In 2015, Starling played for the Warrnambool Seahawks of the Big V Division One. He averaged 21.6 points and 12.7 rebounds to go with 20 double-doubles and one triple-double. He was named team MVP and earned league All-Star Five honors. He was also a finalist for league MVP and Defensive Player of the Year.

In 2016, Starling returned to the Premier League to play for the Southern Tigers. He helped the Tigers win the championship and earned All-Star Five honors.

Starling joined the North Adelaide Rockets for the 2017 Premier League season and earned Best Defensive Player honors. He returned to the Rockets in 2018 and once again earned league MVP and All-Star Five honors. He averaged 22.4 points, 14.1 rebounds, 2.9 assists and a league-leading 3.6 steals per game. With the Rockets in 2019, he earned Best Defensive Player honors for the second time.

In December 2019, Starling signed with the South Adelaide Panthers for the 2020 season. The Premier League was rebranded as NBL1 Central in 2020, but the 2020 NBL1 season was cancelled due to the COVID-19 pandemic. He had also been touted to make his football debut in 2020 with the Gawler Central Football Club in regional South Australia.

With the Panthers in the 2021 NBL1 season, Starling led the NBL1 Central in rebounds and steals. In 12 games, he averaged 16.5 points, 13.17 rebounds, 3.0 assists and 3.5 steals per game.

In the 2022 NBL1 season, Starling helped the Panthers win the NBL1 Central championship while earning grand final MVP behind his 31 points and 18 rebounds against the Woodville Warriors. He once again earned the league's Best Defensive Player award. In 20 games, he averaged 20.15 points, 12.2 rebounds, 3.15 assists, 2.75 steals and 1.35 blocks per game.

With the Panthers in the 2023 NBL1 season, Starling was the NBL1 Central's rebounding leader with 13.13 per game and once again earned Best Defensive Player and All-Star Five honors. In 16 games, he averaged 21.25 points, 13.38 rebounds, 3.44 assists, 2.69 steals and 1.19 blocks per game.

On May 23, 2023, Starling signed with the Adelaide 36ers for the 2023–24 NBL season.
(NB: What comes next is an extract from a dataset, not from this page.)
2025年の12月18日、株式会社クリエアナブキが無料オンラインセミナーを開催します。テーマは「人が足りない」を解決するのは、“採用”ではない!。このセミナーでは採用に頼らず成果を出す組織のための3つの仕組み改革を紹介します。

In 25 games, he averaged 3.8 points and 3.8 rebounds per game.

In March 2024, Starling re-joined the South Adelaide Panthers for the 2024 NBL1 Central season. He was named league MVP for a third time alongside Best Defensive Player and All-Star Five. He was also the league's steals leader with 2.8 per game. With a career-high 23.1 points per game, he helped the Panthers finish with a league-best 15–3 record. They reached the NBL1 Central Grand Final, where they lost 92–90 to the Forestville Eagles despite Starling's 24 points, 13 rebounds and three steals.

On April 29, 2024, Starling re-signed with the 36ers for the 2024–25 NBL season. On October 18, 2024, he was released by the 36ers to make way for injury replacement player Montrezl Harrell to sign with the club on a permanent contract. He appeared in four games to start the season.
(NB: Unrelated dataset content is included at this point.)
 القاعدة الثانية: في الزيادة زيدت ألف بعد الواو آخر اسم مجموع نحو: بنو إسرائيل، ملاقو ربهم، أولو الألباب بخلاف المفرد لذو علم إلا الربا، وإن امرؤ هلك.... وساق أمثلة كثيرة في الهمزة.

In December 2024, Starling joined the Sarawak Cola Warriors of the Major Basketball League Malaysia (MBL) to replace Aaron Burt. In seven games between December 20 and January 4, he averaged 12.0 points, 9.3 rebounds, 1.6 assists ad 2.0 steals per game.
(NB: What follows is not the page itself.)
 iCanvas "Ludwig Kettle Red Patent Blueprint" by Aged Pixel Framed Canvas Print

Starling joined the Forestville Eagles for the 2025 NBL1 Central season. He led the league in rebounds with 11.8 per game.

In November 2025, Starling re-signed with the Eagles for the 2026 NBL1 Central season. He was named the NBL1 Central Defensive Player of the Year, earning the league's best defensive player award for the sixth time. He went on to help the Eagles reach the NBL1 Central Grand Final, where they defeated the South Adelaide Panthers 77–58 to win the championship. Starling had 12 points and a game-high 15 rebounds. It marked Starling's fourth Premier League / NBL1 Central championship and third grand final MVP award. At the 2026 NBL1 National Finals, the Eagles reached the championship game, where they were defeated 70–67 in overtime by the Gold Coast Rollers with Starling recording 10 points and eight rebounds.

In September 2026, Starling was recognised by Basketball South Australia as a Participant Life Member.

==Personal life==
Starling's mother is Jennifer Davis. He has an older sister and an older brother.

In May 2023, Starling gained his Australian citizenship.